Но внук старика не спал. Какой уж тут сон, когда завтра суровый дружинник по имени Бажен поведет его и прочих парней невесть куда и невесть зачем. К тому же он за хлопотами да сборами так за весь день и не удосужился сбегать попрощаться с двухродным братаном, чтоб утешить его, потому как из-за нутряных хворостей и рудного кашля[51] болящего не взяли вместе с прочими. Да еще сестричне своей – звонкоголосой Смарагде – тоже пару ласковых слов сказать бы надо.

Перебирая все несделанное и неуспетое, он почти пожалел, что весь последний день провел за чисткой меча, тем более что заставить клинок сверкать на солнце у Любима так и не получилось. Да, он стал светлым, но лишь в некоторых местах, да и то неровно, эдакими волнистыми линиями, а все остальное по-прежнему золотисто-бурое. Однако представив, как гордо подойдет к месту сбора, как восхищенно будут смотреть на него не только домочадцы, гордясь бравым внуком, но и односельчане, тут же устыдился своих мыслей и мало-помалу провалился в тревожный, чуткий сон.

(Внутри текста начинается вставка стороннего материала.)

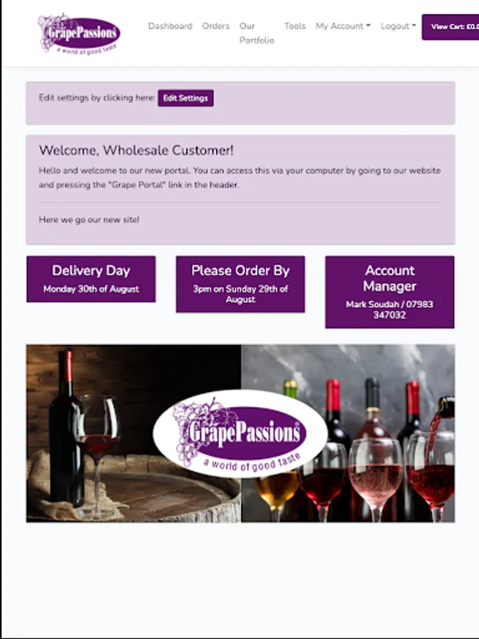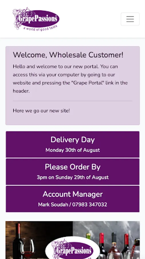 The Grape Passions app allows you to manage your account, browse wines, place an order and view your account history on the go. To access this application you will need to have a Grape Passions account. If you do not have an account please get in contact with the office to begin this process.

Сбор был назначен у избы тиуна в час, когда солнце покажет краешек из-за леса, но Любим подскочил со своей лежанки намного раньше, однако, как ни старался, первым не был. Уже надсадно кашлял дед Зихно – большак явно собирался сказать свое последнее напутствие любимому внуку, единственному оставшемуся от утонувшего в расцвете сил старшего сына.

Да и большуха[52] – старая Забава – уже вовсю орудовала ухватами и кочергой, собираясь напихать Любиму в котомку еды не на день, как было велено неразговорчивым дружинником, а чуть ли не на всю седмицу.

Выйдя же из полуразвалившейся избенки, подновить венцы которой у Любима все никак не доходили руки, и уже наклонившись над кадкой с водой, дабы сполоснуть заспанную рожу и смыть странный сон, привидевшийся ему, он вдруг услышал за спиной низкий грудной голос:

– Давай солью на руки. Чай, сподручнее будет.

От неожиданности Любим вздрогнул и обернулся. Сзади стояла Берестяница – крупная, дородная девка, жившая с родителями аж на самом краю села. Была она его ровесницей, но, невзирая на изрядные годы – в прошлое лето двадцать минуло, как и Любиму, – еще не вышедшая замуж. Девок в селе и без того было поболе, чем парней, а у Берестяницы к тому же имелся существенный изъян – непомерные размеры.

«И в кого токмо она у нас уродилась», – часто вздыхала ее сухонькая мать, с жалостью поглядывая на необхватную дочку, которая во всем остальном не только не уступала своим подругам, но была получше их: что характер имела покладистый, что на работу любую – не только баб, но и мужиков иных за пояс заткнет. В плотном, могучем теле не было ни единой жиринки, ни единой сальной складки – просто костью уродилась широка не в меру.

Оно, конечно, худых девок в Березовке не уважали. Ну какие из них работницы? Опять же и рожать им тяжко, и с кормлением дитяти зачастую морока. Но и такие чрезмерные габариты мужиков тоже отпугивали.

Да и на руку девка была тяжела. Такую в углу прижмешь, да потом и сам не возрадуешься – вдруг что не по нраву придется, так зашибет с одного удара. Поначалу, правда, все равно пытались – смельчаков в селе хватало, но после того как пару раз приключилась осечка, о чем наутро наглядно свидетельствовали припухшие рожи и здоровенные синяки, красующиеся на них, попытаться в третий охотников не сыскалось. Так и вышло, что все ее подруги давно обзавелись семьями, нарожали детей, а она осталась неприкаянной.

Любиму же как-то раз, было это на Купальский праздник, стало ее уж больно жалко. Видно было – тоскует девка, хоть и старается этого не показать. Все в хороводе веселом, а она вдали у березок одна-одинешенька стоит, потому как идти-то некуда. Девки-то все на четыре-пять годков помоложе ее, так что старовата она для них. Если б кто нашелся да в хоровод привел – одно, а самой в него на третьем десятке соваться – стыдоба. Туда же, где замужние бабы сарафанами крутят, ей и вовсе нельзя, не по чину.